10 Conclusions and future work

In this paper, we have presented a method that includes both a conceptual model and a ML process with which to predict academic performance. We believe that the parsimony of the conceptual model and the clear step-by-step description of the process significantly increase the likelihood of our proposal being adopted in university settings.

Our approach has the objective of assisting instructors in the detection of at-risk groups and implement targeted interventions with which to prevent academic failure as soon as possible in the semester, ultimately leading to improved academic outcomes. The use of XAI techniques and cohort analysis allows a more comprehensive understanding of the factors that influence performance in each particular context, leading to more effective risk mitigation strategies.

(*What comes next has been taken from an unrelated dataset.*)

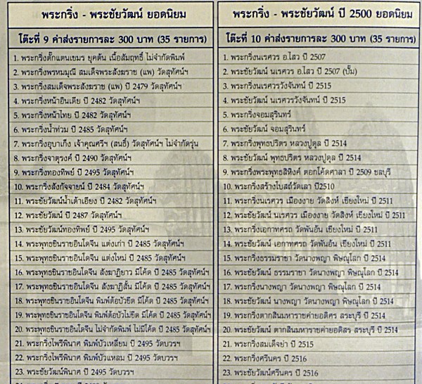 | โต๊ะ 9 พระกริ่ง-พระชัยวัฒน์ ยอดนิยม รวม 35 รายการ,โต๊ะ 10 พระกริ่ง-พระชัยวัฒน์ ปี 2500 ยอดนิยม รวม 35 รายการ |

The application of the approach to a case study involving two first and second-year mathematical subjects demonstrates that the accuracy of the resulting model is consistent with the findings reported in literature. The model and the associated Colab notebook are currently aiding instructors of these subjects to devise targeted strategies aimed at lowering the rates of academic failure, thereby enhancing educational outcomes.

As part of our future work, we plan to apply this method in various new contexts so as to assess the ability of the approach to generate similarly valuable models for other courses and universities. Moreover, we are exploring the incorporation of other easily collectible variables in order to enrich the willingness dimension of the conceptual model, such as the admission option (the order in which students chose their current degree program) [79] and the grades they aspire to achieve [74] so as to determine whether these additions enhance the predictive accuracy of the models. Finally, we aim to investigate how our approach compares (in terms of both effectiveness and complexity) with other new approaches, such as those that use expanded user and item features by employing the latent factor space of auxiliary domains. These approaches enrich the feature set with underlying patterns in user-item interactions that may not be directly observable in the current context [94, 95]. One potential advantage of these methods is that, once these latent vectors have been obtained for the students, the feature set of any target domain in which these students participate can be expanded by incorporating these vectors without the need for any further data collection or analysis. This expanded feature set provides a richer representation of the students, thus enabling more nuanced predictions about student performance or preferences.